### EXERCISE REQUIREMENTS
A faithful copy is required: transcribe each line below exactly, minus the pictures.
(GIVEN DATA begins)
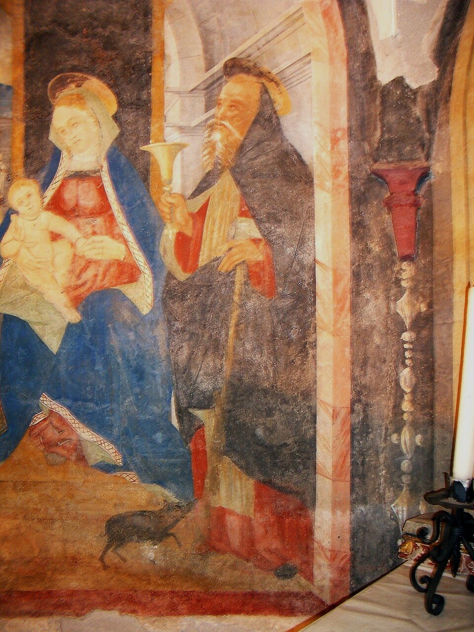 Il dipinto a sinistra presenta, a destra della Madonna, la figura di Sant’Antonio abate (vedi scheda).
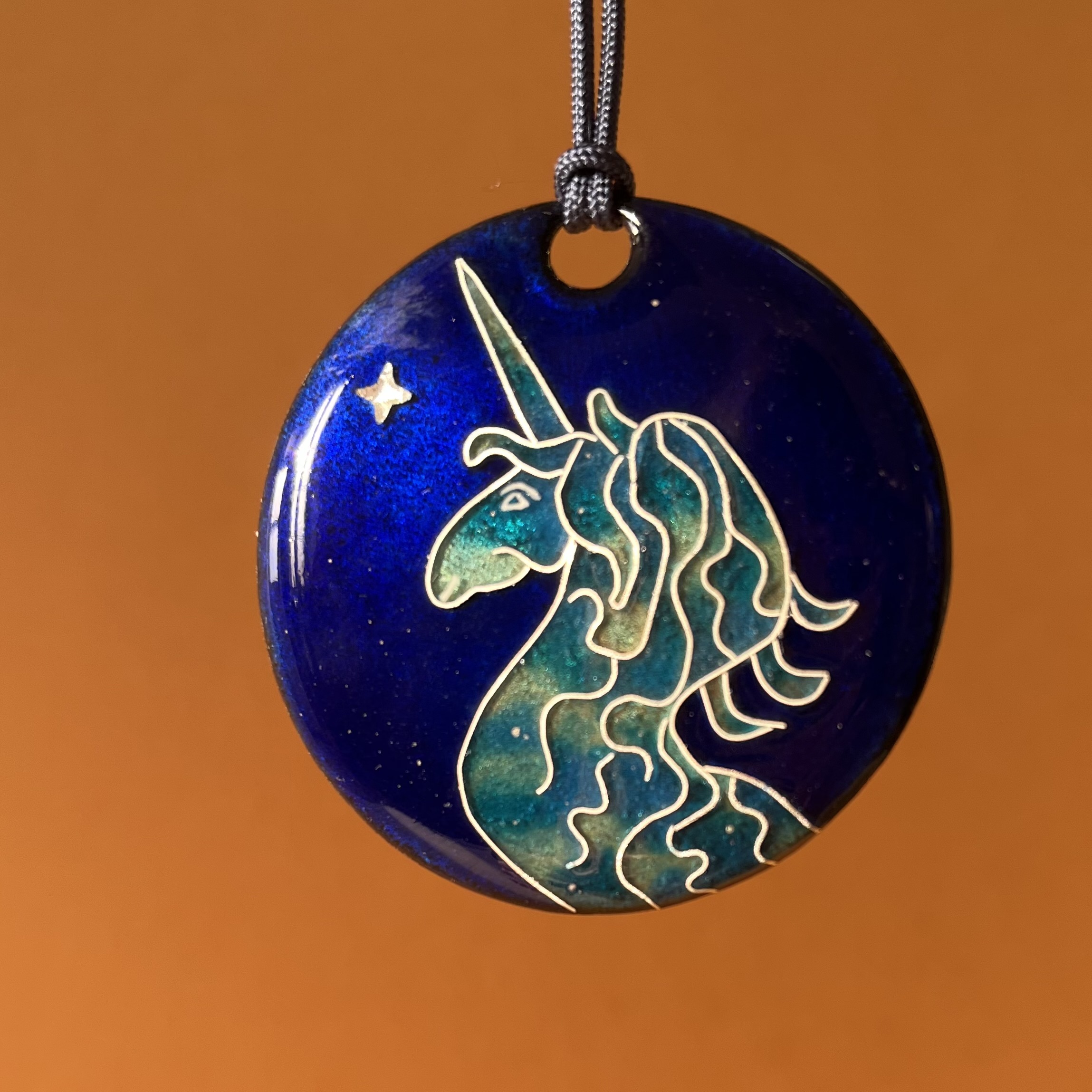 Pendentif Licorne bleue en émaux sur cuivre cloisonnés
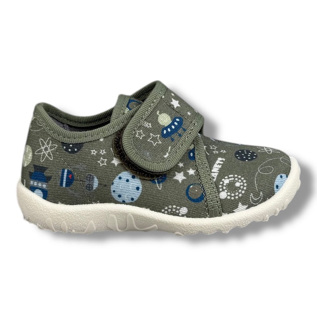 Dětská přezůvková, nízká, textilní, lemovaná obuv Superfit. Obuv je vhodná všechny dětské zdravé chodidla. Je vybavena pevným opatkem tak, jako je běžné u kvalitní celokožené obuvi.
(GIVEN DATA ends)
### EXPECTED ANSWER
 Il dipinto a sinistra presenta, a destra della Madonna, la figura di Sant’Antonio abate (vedi scheda).
 Pendentif Licorne bleue en émaux sur cuivre cloisonnés
 Dětská přezůvková, nízká, textilní, lemovaná obuv Superfit. Obuv je vhodná všechny dětské zdravé chodidla. Je vybavena pevným opatkem tak, jako je běžné u kvalitní celokožené obuvi.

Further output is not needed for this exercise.